Angle(s)

Tuesday, March 31, 2015

Alvin Lucier - Bird and Person Dyning


Alvin Lucier was born in 1931 in Nashua, New Hampshire. He was educated in Nashua public and parochial schools, the Portsmouth Abbey School, Yale, and Brandeis and spent two years in Rome on a Fulbright Scholarship. From 1962 to 1970 he taught at Brandeis, where he conducted the Brandeis University Chamber Chorus which devoted much of its time to the performance of new music. Since 1970 he has taught at Wesleyan University where he is John Spencer Camp Professor of Music. Lucier has pioneered in many areas of music composition and performance, including the notation of performers' physical gestures, the use of brain waves in live performance, the generation of visual imagery by sound in vibrating media, and the evocation of room acoustics for musical purposes. His recent works include a series of sound installations and works for solo instruments, chamber ensembles, and orchestra in which, by means of close tunings with pure tones, sound waves are caused to spin through space.



Mr. Lucier performs, lectures and exhibits his sound installations extensively in the United States, Europe and Asia. He has visited Japan twice: in 1988 he performed at the Abiko Festival, Tokyo, and installed MUSIC ON A LONG THIN WIRE in Kyoto; in 1992 he toured with pianist Aki Takahashi, performing in Kawasaki, Yamaguchi and Yokohama. In 1990-91 he was a guest of the DAAD Kunstler Program in Berlin. In January 1992, he performed in Delhi, Madras, and Bombay, and during the summer of that year was guest composer at the Time of Music Festival in Vitaasari, Finland. He regularly contributes articles to books and periodicals. His own book, Chambers, written in collaboration with Douglas Simon, was published by the Wesleyan University Press. In addition, several of his works are available on Cramps (Italy), Disques Montaigne, Source, Mainstream, CBS Odyssey, Nonesuch, and Lovely Music Records.


In October, 1994, Wesleyan University honored Alvin Lucier with a five-day festival, ALVIN LUCIER: COLLABORATIONS, for which he composed twelve new works, including THEME, based on a poem by John Ashbery and SKIN, MEAT, BONE, a collaborative theater work with Robert Wilson. In April, 1997, Lucier presented a concert of his works on the MAKING MUSIC SERIES at Carnegie Hall and in October of the same year his most recent sound installation, EMPTY VESSELS, was exhibited at the Donaueschingen Music Festival in Germany.

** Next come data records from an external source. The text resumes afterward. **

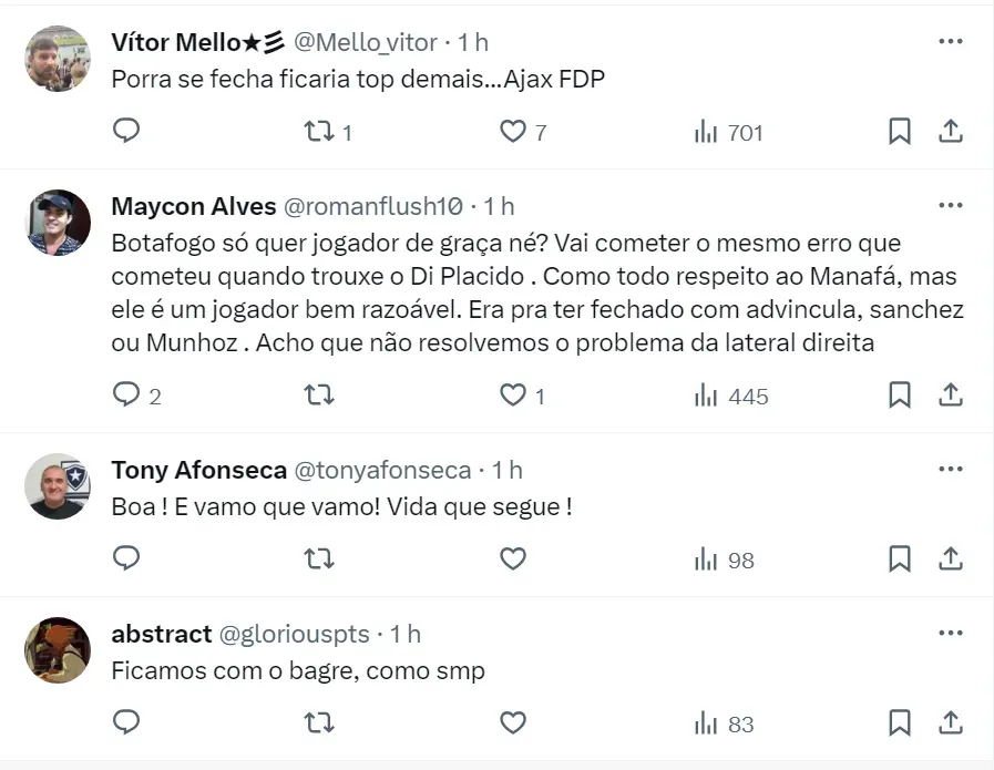 Em sua conta no X (antigo Twitter), o jornalista Medeiros informou que o Botafogo negociou a contratação do lateral-direito Jorge Sánchez, do Ajax, mas o time holandês mudou a condição do negócio na última hora.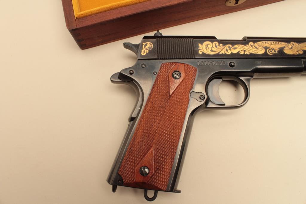 Lot 69 Cased Colt John Browning Commemorative 1911-1981 semi-auto pistol, .45 ACP,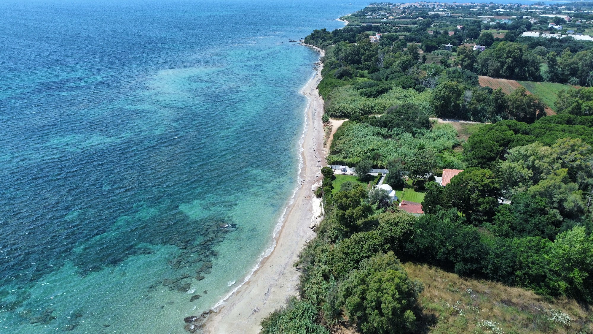 Pristine Beach Access: A short, suggestive path through a wild reed bed leads you directly to a “natural” beach just 200 meters away. The water is exceptionally clean, shallow at the shore, and crystal-clear—ideal for snorkeling among the rocks.

Recently, DIAMONDS for three orchestras was performed under the direction of Petr Kotik at the Prague Spring Festival, 1999.

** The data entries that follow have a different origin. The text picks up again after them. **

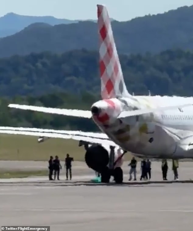 He managed to break free from their grip and started to run towards the tarmac and threw himself into one of the plane’s turbofans on the Volotea Airbus A319 flight V73511 from Milan to Asturias.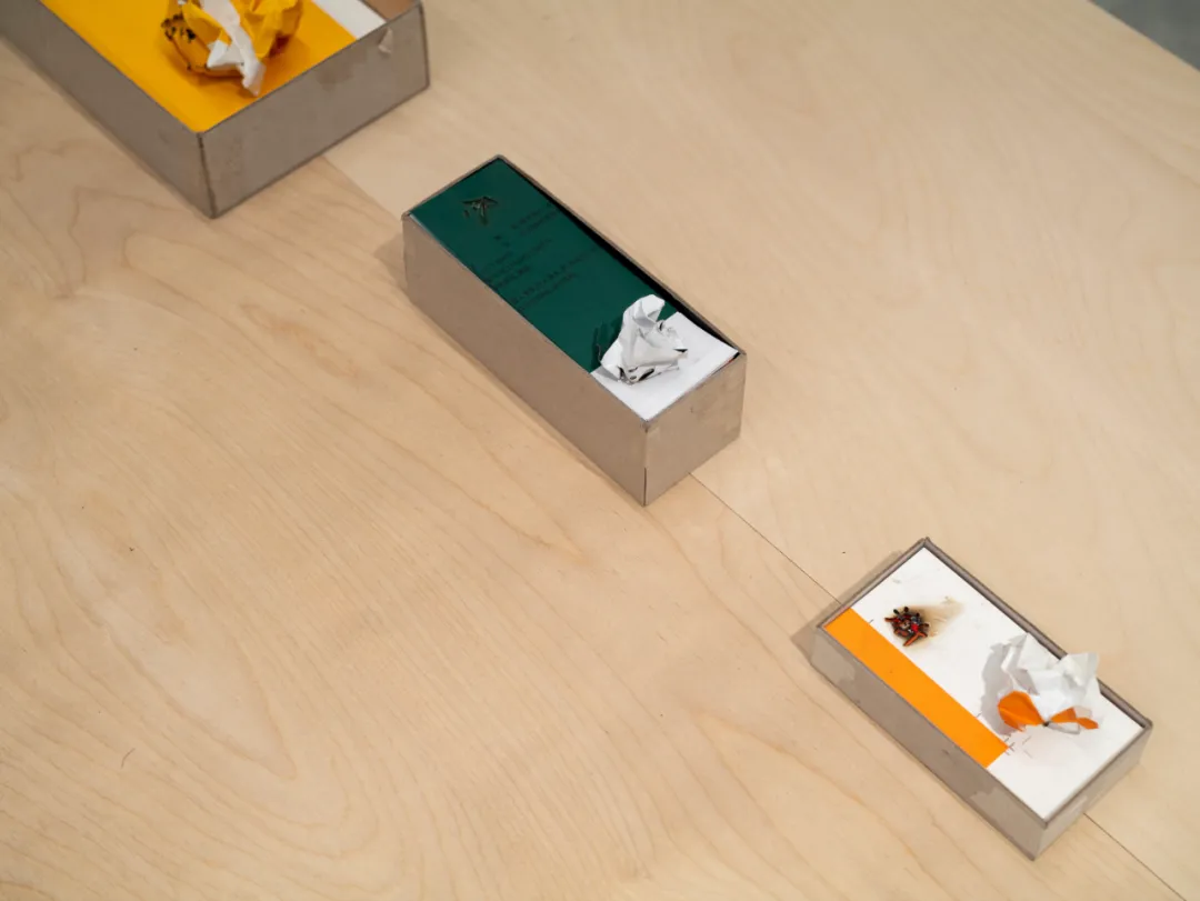 蜉蝣:将设计打样所用的工程纸折叠成纸飞机。纸飞机由我的外甥完成折叠,我记录下其飞行的过程。余料纸张折叠的层次,与纸飞机的飞行记录,共同完成对时间与瞬间的捕捉。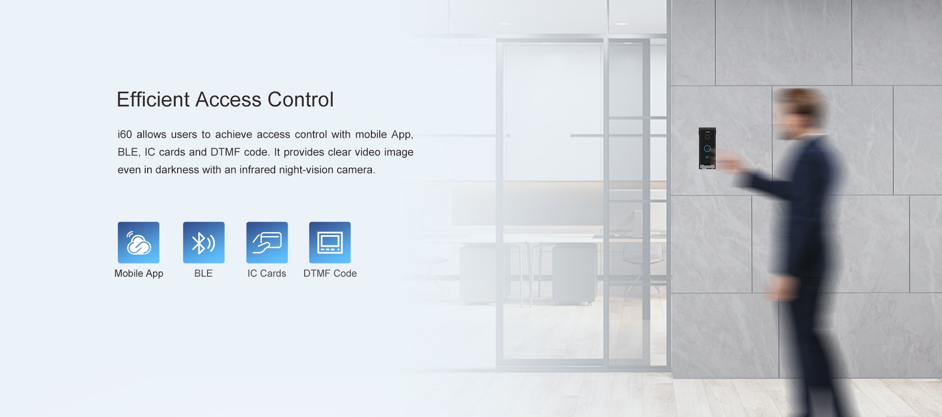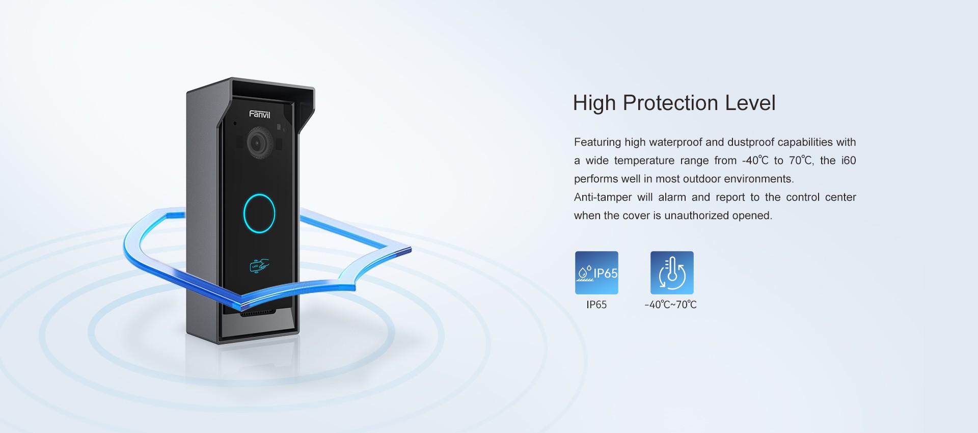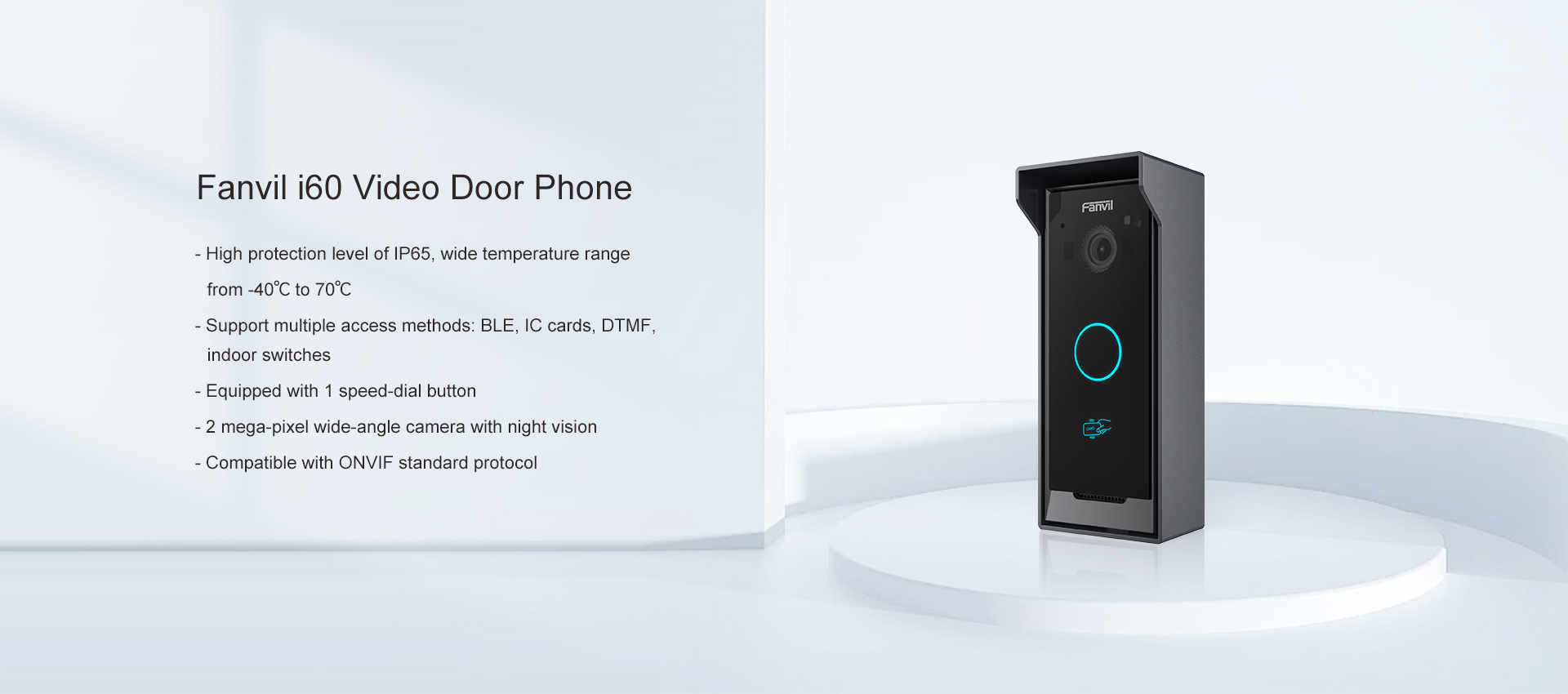 Fanvil i60 is a compact video door phone with a speed dial button and an IP65 rating for indoor and outdoor use. It supports various door-opening methods such as BLE, IC cards, remote DTMF and indoor switches for streamlined access management and is equipped with a 2 mega-pixel camera for audio and video communication. Compatible with SIP and ONVIF, it integrates with security systems and is ideal for villas, apartments, and communities.

During this performance a small electric bird chirps in the space and Alvin Lucier moves his head as if trying to locate it by listening to its song. He wears binaural microphones in his ears, and the sound picked up by these microphones is diffused through two loudspeakers. By amplifying the microphone input, feedback between the output of the loudspeakers and the input of the microphones is created. Since the pitch of the feedback is related to the distance between the microphone and loudspeaker and the reflections of the sound in the performance space, every movement of the head of the performer causes a change in feedback sound. At the same time, we also hear the bird amplified through the microphones in the ears of the performer and the sound of the bird interacts with the feedback sound. Therefore, not only the distance between the performer and the loudspeaker but also the distance between performer and bird shape the sound in this piece. Alvin Lucier makes movements that signify listening or, as he himself says, "do you know how robins turn their heads to listen?" (Alvin Lucier Reflections. Interviews, Scores, Writings 1965-1994 Cologne 2005). Listening is made an audible feature of the performance. This is an example of a performance that uses movements that have a specific cultural context and are therefore also connected with a certain expectation. Movements for listening remain mostly silent, but here Alvin Lucier adapts them for a new function and these movements become audible.